The following is an address to Athens City Council, albeit a circuitous route, via response to Edward Newman’s Letter to the Editor, Athens News, May 14, 2020.

In regards to the pending City of Athens waste contract:

Master Newman,

There are at least two flaws in any argument for adopting this [solid waste] contract [as presently drafted].

Adding to the waste stream in order to get to zero waste not only needlessly consumes resources, but prolongs the journey, presuming that zero waste is attainable in the first place, much less in an economic system that doesn’t proactively create or support markets for wastes.

Let “us” simplify this. Take a one-size-fits-all policy, or one nearly so. Apply it to pants. Overnight you have everyone wearing pants, despite a fair percentage better served by skirts. You have thin people with their pants falling off. You have portly people that can’t fit into their pants. You have baggy pants requiring suspenders and only a small percentage of the population with their pants fitted properly.

Also discounted are the added materials, labor and energy needed to manufacture suspenders and over-sized belts for all those souls who never before needed them prior to issuance of the “City’s” (yes, the “City’s”) new brand of pants.

If you’re a fast food drive thru like Burger King or McDonalds, where dollars per units of production [are] your soul driver, one-size-fits all or limited SKUs is paramount. And that approach in some or even large part makes a degree of sense relative to a waste contract.

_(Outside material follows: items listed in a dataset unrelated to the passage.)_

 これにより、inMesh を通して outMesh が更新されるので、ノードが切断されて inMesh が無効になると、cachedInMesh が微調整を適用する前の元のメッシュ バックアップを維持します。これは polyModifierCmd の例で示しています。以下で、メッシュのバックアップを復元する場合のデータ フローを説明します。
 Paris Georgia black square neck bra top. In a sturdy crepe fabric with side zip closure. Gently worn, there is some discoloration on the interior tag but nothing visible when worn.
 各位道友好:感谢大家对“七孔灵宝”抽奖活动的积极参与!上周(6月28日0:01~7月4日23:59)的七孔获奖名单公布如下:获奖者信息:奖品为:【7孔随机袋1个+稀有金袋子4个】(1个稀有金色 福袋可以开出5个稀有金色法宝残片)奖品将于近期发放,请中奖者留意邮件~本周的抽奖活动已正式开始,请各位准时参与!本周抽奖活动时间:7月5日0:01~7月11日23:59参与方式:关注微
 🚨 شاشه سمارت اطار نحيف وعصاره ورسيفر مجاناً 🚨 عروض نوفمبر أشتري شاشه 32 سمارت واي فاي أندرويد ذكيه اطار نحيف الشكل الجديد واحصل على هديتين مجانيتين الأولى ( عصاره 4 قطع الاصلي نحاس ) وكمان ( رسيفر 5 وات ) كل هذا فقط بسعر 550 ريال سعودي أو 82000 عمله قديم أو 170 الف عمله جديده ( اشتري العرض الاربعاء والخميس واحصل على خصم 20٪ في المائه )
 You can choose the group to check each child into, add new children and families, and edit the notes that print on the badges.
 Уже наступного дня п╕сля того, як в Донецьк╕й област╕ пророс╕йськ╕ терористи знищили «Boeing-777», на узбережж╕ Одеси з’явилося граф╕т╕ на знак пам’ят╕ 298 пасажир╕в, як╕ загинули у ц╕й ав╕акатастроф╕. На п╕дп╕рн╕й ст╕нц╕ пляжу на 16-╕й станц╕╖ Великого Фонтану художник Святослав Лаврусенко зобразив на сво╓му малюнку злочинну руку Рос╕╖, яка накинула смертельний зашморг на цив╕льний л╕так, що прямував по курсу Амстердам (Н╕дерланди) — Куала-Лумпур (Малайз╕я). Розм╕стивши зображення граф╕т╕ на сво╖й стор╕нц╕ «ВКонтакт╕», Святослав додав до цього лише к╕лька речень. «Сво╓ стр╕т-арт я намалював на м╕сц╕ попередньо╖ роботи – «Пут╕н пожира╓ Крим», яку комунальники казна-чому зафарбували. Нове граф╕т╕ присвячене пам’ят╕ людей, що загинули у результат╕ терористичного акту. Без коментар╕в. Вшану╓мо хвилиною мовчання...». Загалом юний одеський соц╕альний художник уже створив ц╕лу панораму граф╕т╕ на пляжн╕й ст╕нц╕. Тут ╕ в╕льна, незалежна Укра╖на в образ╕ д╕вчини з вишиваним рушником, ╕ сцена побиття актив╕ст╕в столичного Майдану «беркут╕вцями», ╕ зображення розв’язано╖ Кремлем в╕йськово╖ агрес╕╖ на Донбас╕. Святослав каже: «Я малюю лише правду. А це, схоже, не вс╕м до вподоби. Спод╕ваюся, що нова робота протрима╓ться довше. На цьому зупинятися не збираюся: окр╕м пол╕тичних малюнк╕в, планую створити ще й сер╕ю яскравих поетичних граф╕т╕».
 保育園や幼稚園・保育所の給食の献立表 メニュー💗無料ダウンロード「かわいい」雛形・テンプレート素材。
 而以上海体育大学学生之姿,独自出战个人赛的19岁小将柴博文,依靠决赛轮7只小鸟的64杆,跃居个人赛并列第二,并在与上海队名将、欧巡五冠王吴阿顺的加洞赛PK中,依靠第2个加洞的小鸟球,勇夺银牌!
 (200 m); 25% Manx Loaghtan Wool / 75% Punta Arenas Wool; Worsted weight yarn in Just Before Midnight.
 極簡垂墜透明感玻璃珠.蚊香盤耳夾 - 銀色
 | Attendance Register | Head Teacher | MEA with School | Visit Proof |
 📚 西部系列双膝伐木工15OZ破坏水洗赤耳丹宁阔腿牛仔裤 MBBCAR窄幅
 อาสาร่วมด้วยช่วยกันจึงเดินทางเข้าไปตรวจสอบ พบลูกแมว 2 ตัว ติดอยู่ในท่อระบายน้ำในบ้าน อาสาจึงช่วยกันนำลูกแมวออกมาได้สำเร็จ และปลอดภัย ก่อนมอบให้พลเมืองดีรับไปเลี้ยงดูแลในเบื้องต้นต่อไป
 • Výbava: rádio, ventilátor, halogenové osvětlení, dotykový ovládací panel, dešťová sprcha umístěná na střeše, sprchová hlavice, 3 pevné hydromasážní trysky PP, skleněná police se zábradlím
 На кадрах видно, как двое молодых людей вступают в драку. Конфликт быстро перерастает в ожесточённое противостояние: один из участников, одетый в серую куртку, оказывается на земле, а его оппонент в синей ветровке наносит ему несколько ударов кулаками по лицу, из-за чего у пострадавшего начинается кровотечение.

But that approach also homogenizes the entirety of Athens. Those who are already proactive and who compost pay for those that don’t – a tax on services neither used or needed.

In this contract there is apparently no definitive waiver, directive or apportionment for any vendor to detour, allowing for creative alternatives leading to the reduction of collection stops, escalation of on-site composting, mulching on site, reduced fuel consumption, lessened need to purchase compost, mulch and fertilizer through commercial outlets, reduced aggregate and personal water consumption, reduced personal and aggregate carbon footprint, or reduced risk to citizens.

All that opportunity lost due to a less than adequately considered and penned waste contract by City employees and leaders, who are either over-taxed, under-informed or under-concerned.

In its present state, this contract is based upon drive-thru math. It’s a boilerplate and gill-net proposal lacking by perhaps half all the inventiveness deserving of a self-professed progressive government and community, where needless by-catch is once again relegated to the level of “acceptable loss” or economic necessity, when it’s not and needn’t be.

If adopted as written, the City’s presumably progressive leaders will once again do a disservice to all minds and abilities – self-confessed progressives or not – of the Athens community, as it doesn’t meet the City’s potential by half.